## TASK REQUIREMENTS:
Working from the start of the listing, please write out exactly the lines through the one that holds "一口 オニギリの朝ごはん2014年2月21日 お昼寝することが少なくなってきたものの、遊んで疲れたら、やはり眠くなるようです", both included, and omit all pictures.

──────── SUPPLIED MATERIAL

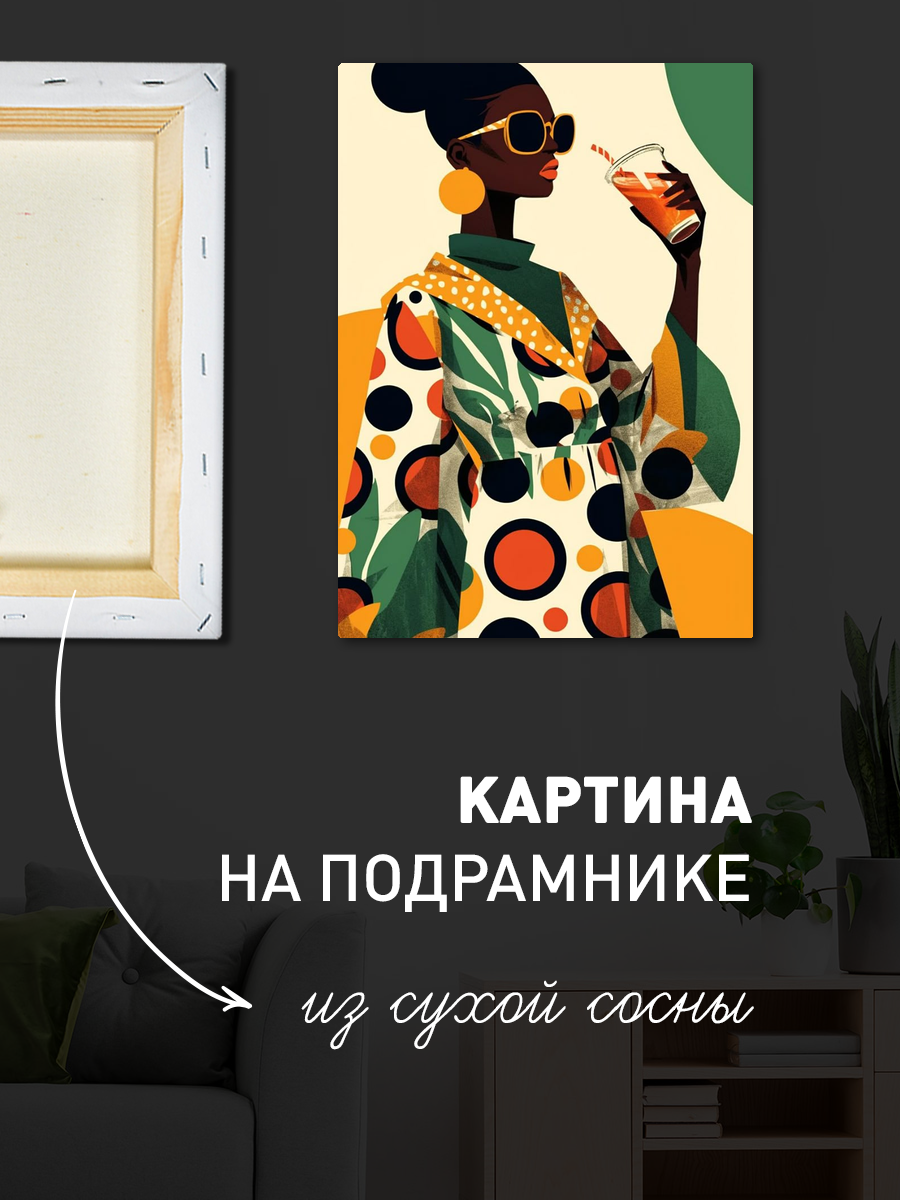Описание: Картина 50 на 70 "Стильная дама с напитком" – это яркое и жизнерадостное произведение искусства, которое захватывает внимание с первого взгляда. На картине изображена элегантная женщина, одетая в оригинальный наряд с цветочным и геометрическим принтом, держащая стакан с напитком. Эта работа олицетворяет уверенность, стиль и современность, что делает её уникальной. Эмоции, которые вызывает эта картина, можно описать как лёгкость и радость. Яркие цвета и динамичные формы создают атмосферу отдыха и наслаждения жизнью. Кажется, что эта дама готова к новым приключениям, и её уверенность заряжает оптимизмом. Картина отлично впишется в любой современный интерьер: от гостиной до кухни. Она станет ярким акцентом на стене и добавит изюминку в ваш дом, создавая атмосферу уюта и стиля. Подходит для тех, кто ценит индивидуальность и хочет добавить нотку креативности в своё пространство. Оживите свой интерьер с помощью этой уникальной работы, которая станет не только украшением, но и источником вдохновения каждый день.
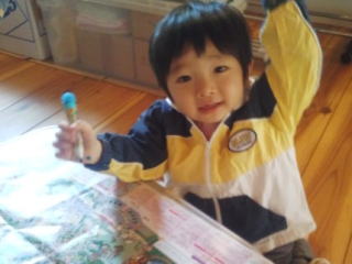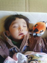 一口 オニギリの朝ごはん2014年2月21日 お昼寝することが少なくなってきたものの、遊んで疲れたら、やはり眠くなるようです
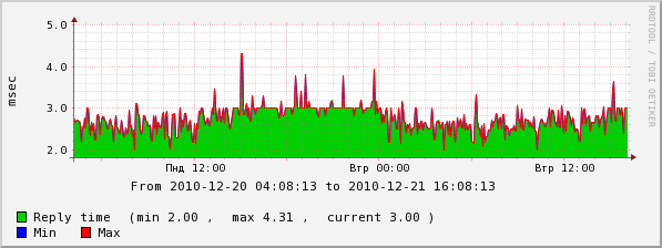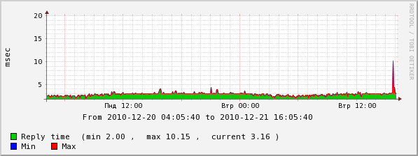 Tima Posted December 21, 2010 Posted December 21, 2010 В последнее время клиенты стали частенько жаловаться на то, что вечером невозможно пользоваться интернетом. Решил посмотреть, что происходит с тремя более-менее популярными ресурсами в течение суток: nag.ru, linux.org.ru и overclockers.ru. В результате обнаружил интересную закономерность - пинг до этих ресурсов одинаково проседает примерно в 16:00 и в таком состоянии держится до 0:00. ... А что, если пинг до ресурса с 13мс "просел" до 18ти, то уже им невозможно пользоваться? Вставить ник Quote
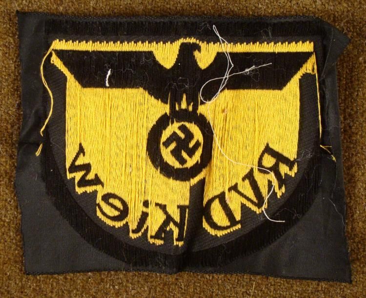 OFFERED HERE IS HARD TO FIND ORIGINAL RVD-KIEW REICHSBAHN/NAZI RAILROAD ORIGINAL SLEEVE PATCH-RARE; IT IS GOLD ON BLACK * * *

────────────────

## YOUR RESPONSE:
Описание: Картина 50 на 70 "Стильная дама с напитком" – это яркое и жизнерадостное произведение искусства, которое захватывает внимание с первого взгляда. На картине изображена элегантная женщина, одетая в оригинальный наряд с цветочным и геометрическим принтом, держащая стакан с напитком. Эта работа олицетворяет уверенность, стиль и современность, что делает её уникальной. Эмоции, которые вызывает эта картина, можно описать как лёгкость и радость. Яркие цвета и динамичные формы создают атмосферу отдыха и наслаждения жизнью. Кажется, что эта дама готова к новым приключениям, и её уверенность заряжает оптимизмом. Картина отлично впишется в любой современный интерьер: от гостиной до кухни. Она станет ярким акцентом на стене и добавит изюминку в ваш дом, создавая атмосферу уюта и стиля. Подходит для тех, кто ценит индивидуальность и хочет добавить нотку креативности в своё пространство. Оживите свой интерьер с помощью этой уникальной работы, которая станет не только украшением, но и источником вдохновения каждый день.
 一口 オニギリの朝ごはん2014年2月21日 お昼寝することが少なくなってきたものの、遊んで疲れたら、やはり眠くなるようです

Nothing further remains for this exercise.